Sink or Swim 📺
The forgotten period in which the broadcast networks would air “anthology” shows of failed pilots in the middle of the summer.
Hey all, welcome back to Lesser Tedium, the pilot anthology version of Tedium. Wanna see what actually went to series? Subscribe over this way.
In a world of Netflix and Hulu and Paramount+ and Peacock, it can feel weird to consider that television was once something of a bloodsport. There were only so many slots on the dial, and if your show didn’t work, there would always be another option.

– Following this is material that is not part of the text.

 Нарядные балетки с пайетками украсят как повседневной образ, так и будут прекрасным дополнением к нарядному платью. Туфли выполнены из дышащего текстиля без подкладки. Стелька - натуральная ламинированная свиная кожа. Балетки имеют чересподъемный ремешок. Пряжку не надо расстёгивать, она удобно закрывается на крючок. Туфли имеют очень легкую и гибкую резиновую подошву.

Which meant that there were always new pilots being made. Now, pilots aren’t cheap. You are basically doing all the work to set up a potential show, with the bet that it might be successful enough to revisit. The problem was, most pilots are generally failures—universes created for the sake of a handful of executives, only to be seen once.

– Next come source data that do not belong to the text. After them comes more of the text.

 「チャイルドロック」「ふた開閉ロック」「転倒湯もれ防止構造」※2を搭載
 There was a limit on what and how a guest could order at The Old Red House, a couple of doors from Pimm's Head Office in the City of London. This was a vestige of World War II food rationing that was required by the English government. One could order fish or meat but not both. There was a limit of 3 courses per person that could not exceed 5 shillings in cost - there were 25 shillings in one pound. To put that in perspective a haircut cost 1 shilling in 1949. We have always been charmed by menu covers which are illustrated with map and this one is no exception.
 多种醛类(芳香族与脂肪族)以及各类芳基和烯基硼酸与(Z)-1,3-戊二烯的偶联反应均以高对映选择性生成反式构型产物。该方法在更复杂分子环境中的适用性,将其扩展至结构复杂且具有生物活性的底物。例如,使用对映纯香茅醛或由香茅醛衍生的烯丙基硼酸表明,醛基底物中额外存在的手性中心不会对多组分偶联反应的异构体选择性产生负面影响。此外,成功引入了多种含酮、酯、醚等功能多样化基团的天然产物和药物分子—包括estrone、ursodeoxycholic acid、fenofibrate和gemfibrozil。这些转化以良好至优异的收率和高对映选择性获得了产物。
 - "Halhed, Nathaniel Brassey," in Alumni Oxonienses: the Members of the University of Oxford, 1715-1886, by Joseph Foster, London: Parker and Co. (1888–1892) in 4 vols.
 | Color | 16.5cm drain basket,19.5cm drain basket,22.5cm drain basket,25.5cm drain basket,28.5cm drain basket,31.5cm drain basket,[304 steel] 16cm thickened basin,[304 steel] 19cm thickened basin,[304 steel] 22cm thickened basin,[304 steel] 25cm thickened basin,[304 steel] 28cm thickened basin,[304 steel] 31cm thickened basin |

But did it really have to be that way? For a time, the networks didn’t think so. At various periods throughout their histories, ABC, NBC, and CBS created faux-anthology shows that would do nothing but play these pilots to audiences to see if they might take to them. These pilots would get dumped in the middle of the summer, when people were usually not watching TV, in the hopes that, hey, maybe we’d go for it if we just saw it.
The networks haven’t done this in quite a while, but the most recent network to do so was CBS, whose CBS Summer Playhouse brought us the Jim Henson-created Puppetman (which presumably was autobiographical) and a pilot for a television version of Coming to America.
The public was actually tasked with voting on the different series; if you liked the show, dial 1–900–220–2311; if you didn’t, dial 1–900–220–2322.
The idea of an anthology show built around unsold pilots didn’t work, but another network tried a slightly different tactic and got much better results: Around the same period as the CBS Summer Playhouse was losing steam, NBC just put promising-but-uncommitted pilots on the air as specials, no extra fluff, as a test. The result was at least two major hits for the network that went to series—Seinfeld and Blossom.